Internally, HPUPrecisionPlugin uses the Habana Mixed Precision (HMP) package to enable mixed precision training.

You can execute the ops in FP32 or BF16 precision. The HMP package modifies the Python operators to add the appropriate cast operations for the arguments before execution. The default settings enable users to enable mixed precision training with minimal code easily.

In addition to the default settings in HMP, users also have the option of overriding these defaults and providing their BF16 and FP32 operator lists by passing them as parameter to HPUPrecisionPlugin.

The below snippet shows an example model using MNIST with a single Habana Gaudi device and making use of HMP by overriding the default parameters. This enables advanced users to provide their own BF16 and FP32 operator list instead of using the HMP defaults.

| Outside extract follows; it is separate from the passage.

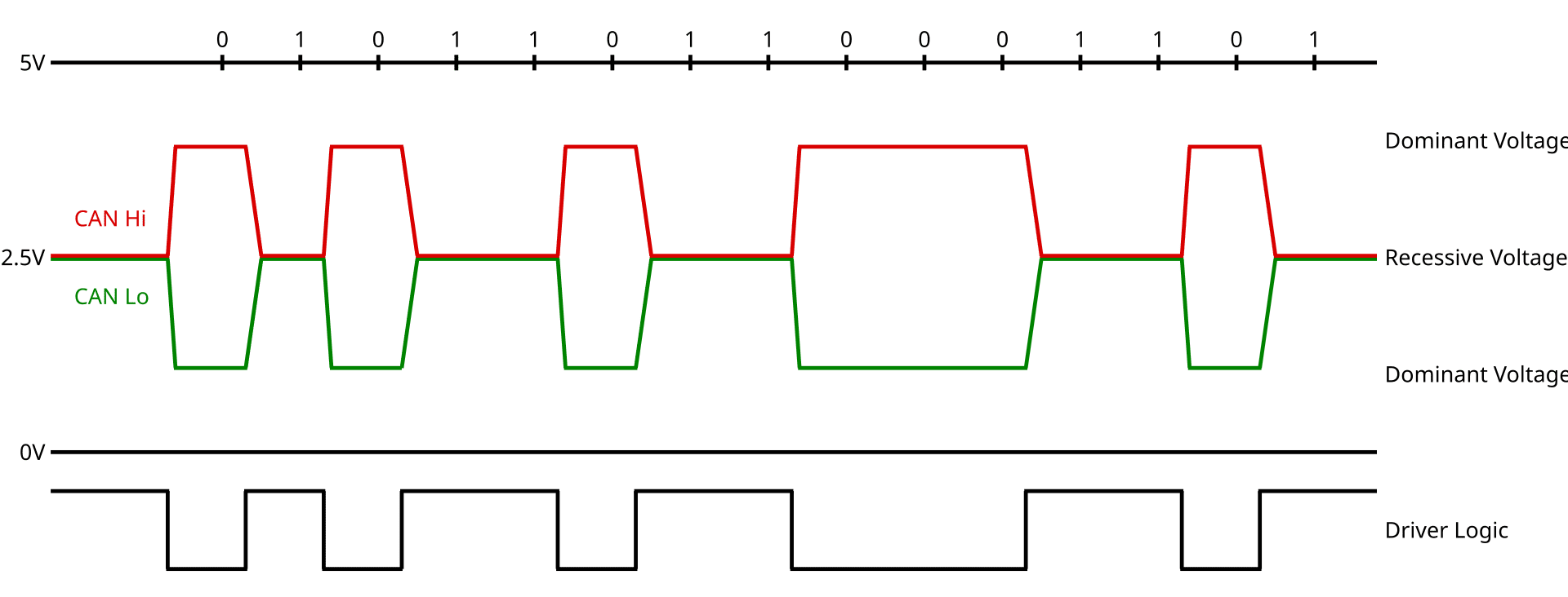 Với cả CAN tốc độ cao và tốc độ thấp, tốc độ chuyển đổi sẽ nhanh hơn khi xảy ra chuyển đổi từ trạng thái lặn sang trạng thái trội vì các dây CAN đang được điều khiển tích cực. Tốc độ chuyển đổi từ trạng thái trội sang trạng thái lặn chủ yếu phụ thuộc vào độ dài của mạng CAN và điện dung của dây được sử dụng.

import pytorch_lightning as pl
from pytorch_lightning.plugins import HPUPrecisionPlugin

# Initialize a trainer with HPU accelerator for HPU strategy for single device,
# with mixed precision using overidden HMP settings
trainer = pl.Trainer(
    accelerator="hpu",
    devices=1,
    # Optional Habana mixed precision params to be set
    # Checkout `pl_examples/hpu_examples/simple_mnist/ops_bf16_mnist.txt` for the format
    plugins=[
        HPUPrecisionPlugin(
            precision=16,
            opt_level="O1",
            verbose=False,
            bf16_file_path="ops_bf16_mnist.txt",
            fp32_file_path="ops_fp32_mnist.txt",
        )
    ],
)

# Init our model
model = LitClassifier()
# Init the data
dm = MNISTDataModule(batch_size=batch_size)

# Train the model ⚡
trainer.fit(model, datamodule=dm)

For more details, please refer to PyTorch Mixed Precision Training on Gaudi.

Known limitations¶

Multiple optimizers are not supported.
Habana dataloader is not supported.
DeviceStatsMonitor is not supported.